Do the names Rasandik Engineering Industries India Ltd and Venus Remedies Ltd ring a bell? Perhaps not. Well, these two firms defaulted on the repayment of their foreign currency convertible bonds (FCCBs) earlier this year, according to news reports by the Financial Chronicle and The Economic Times. They had raised $10 million (around Rs48 crore) and $12 million, respectively, in April 2006 by issuing convertible bonds with a three-year maturity period.
Bond holders of a much larger firm, Wockhardt Ltd, are also likely to get a raw deal when the bonds come up for redemption next month. The company is under a corporate debt restructuring programme and FCCB holders may either have to take a large haircut on their initial investment or resort to legal action against the company.
For now, these seem like a few cases of default and far between.
According to a banker with the Mumbai office of an overseas bank, who didn’t want to be identified, there may hardly be any more defaults since the availability of funding is much easier now both through the equity and debt routes.

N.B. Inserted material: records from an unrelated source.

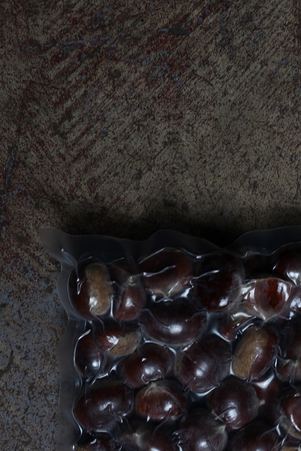 At the end of this past growing season, we were blessed with (among other things) a harvest of garlic, apples and chestnuts from Katsumi Farms, (Megan’s parents homestead). With minimal fridge space and an eagerness to learn more about preserving and fermenting stuff, Megan and I decided to try turn them black before they turned bad. Let’s start! To make black chestnuts, black garlic and black apples, we vacuum sealed them in bags and placed them in a dehydrator at 60°C/140°F for 4 weeks, 6 weeks and 8 weeks, respectively.
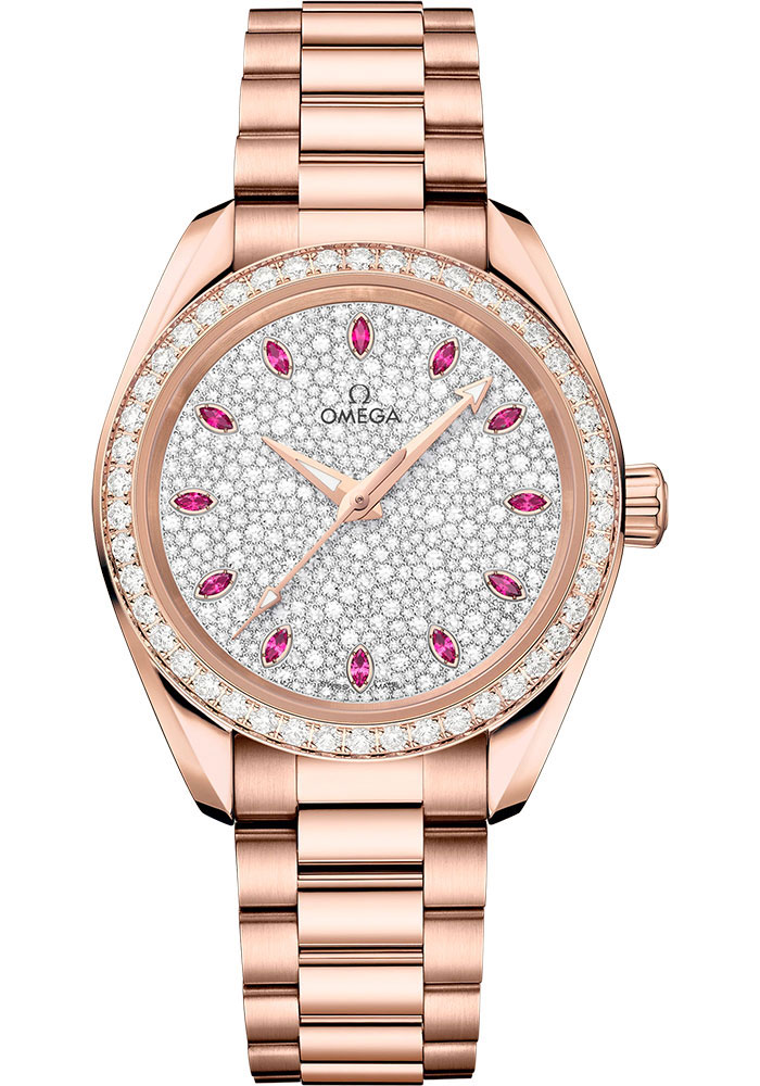 34 mm sedna gold case with anti-magnetic protection, diamond-paved bezel, domed scratch-resistant sapphire crystal with anti-reflective treatment on both sides, complementing fully snow-paved dial are 18K Sedna Gold hands filled with white Super-LumiNova, Omega 8807 self winding chronometer movement, approximately 55 hours of power reserve, 18K sedna gold bracelet with newly-designed beautifully rounded links. Water resistant to 150 metres (500 feet).
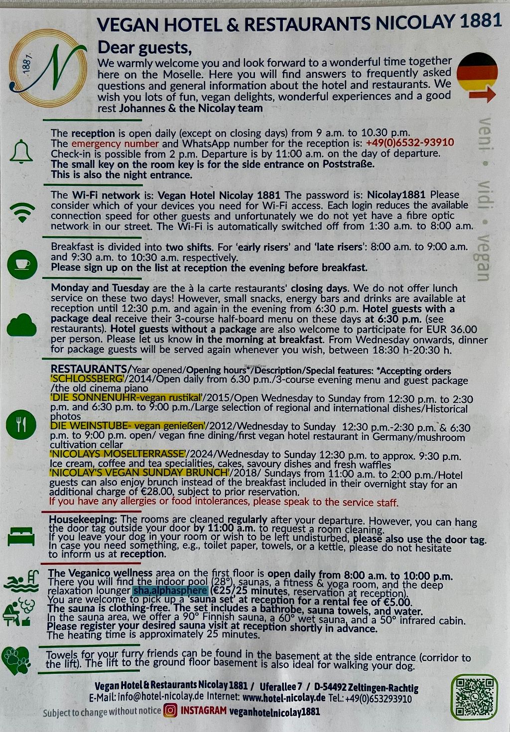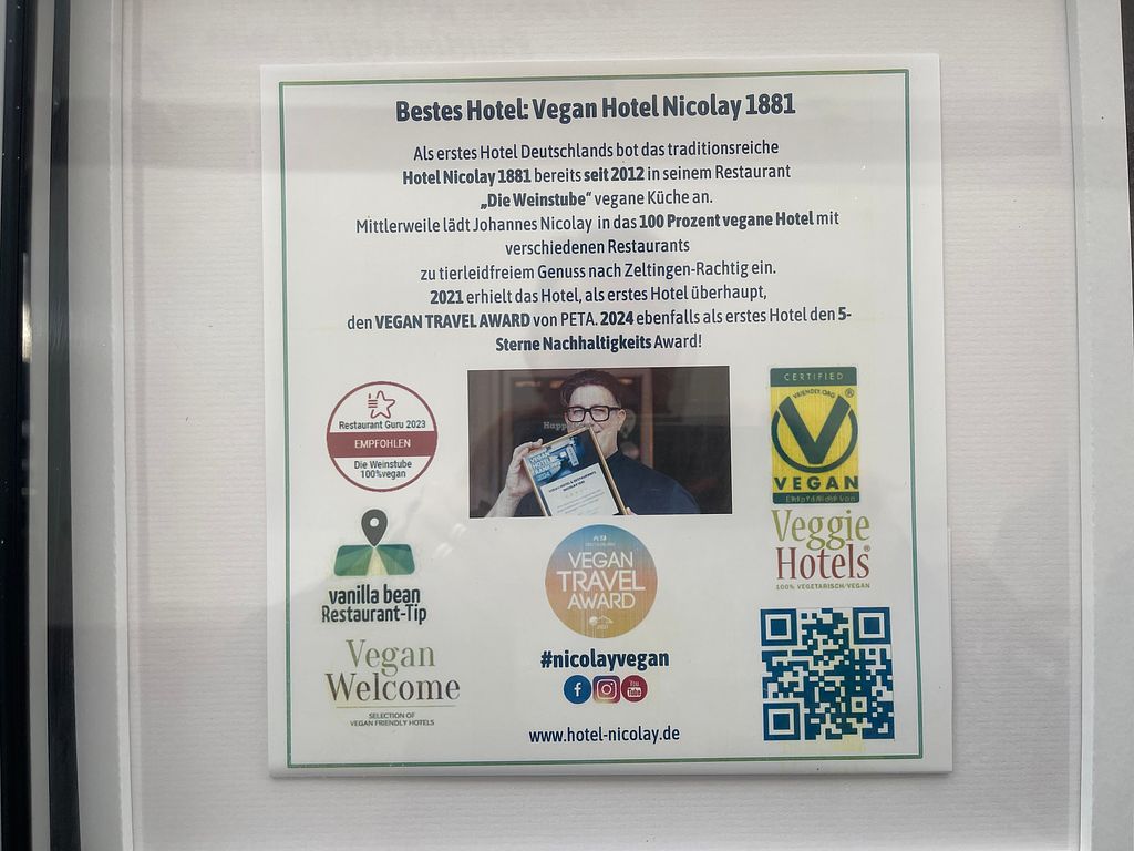 Interessantes Konzept und an dem Ort ein echtes Statement. Rein veganes Hotel mit 4 rein veganen Restaurants. Direkt an der Mosel. Schwimmbad und Sauna vorhanden. Halbpension mit Frühstücks-Buffet und Abendessen. Danke für das Angebot 🌱

Whenever a repayment is due, companies can raise fresh funds if internal accruals are insufficient and repay the bond holders, the banker says. In fact, a few firms such as Firstsource Solutions Ltd have taken fresh external debt and have bought back bonds at a discount, thereby reducing their overall debt burden, well before the bonds come up for redemption.
But from the next year onwards, and especially in 2011, when a number of FCCBs mature, bond holders may be in for some more pain.
Companies such as Subex Ltd, whose convertible bonds mature in 2012, have an extremely high debt position and raising fresh funds may not be easy. The company recently announced an exchange offer for its bond holders without revealing details of the new bonds.
In the past, Suzlon Energy Ltd has been successful in getting some of its bond holders to participate in an exchange offer. It must be noted that even in such cases, bond holders end up taking a hit on their investment.
The main problem with FCCBs is that a large number of Indian companies viewed them as equity issuances and gave little or no thought to these instruments ending up as debt on their books. So in internal calculations, they never featured in their calculations of debt, leading to insurmountably high debt levels, as companies such as Wockhardt and Rasandik have now discovered.
Bond holders, too, ignored sound investing principles and just assumed that a rapid rise in the Indian stock market would lead to a conversion of the bonds.
But what’s even more interesting is that in the case of Venus Remedies, it seems to be a case of a wilful default, says another banker with an overseas firm. According to this executive, the company unsuccessfully tried negotiating with bond holders, which include some hedge funds.
FCCB holders are no ordinary investors; they are typically large investment firms and Indian companies should expect intense legal action from them in the event of a default. To be sure, Venus Remedies’ bond holders have filed a winding up petition against the company, according to The Economic Times report.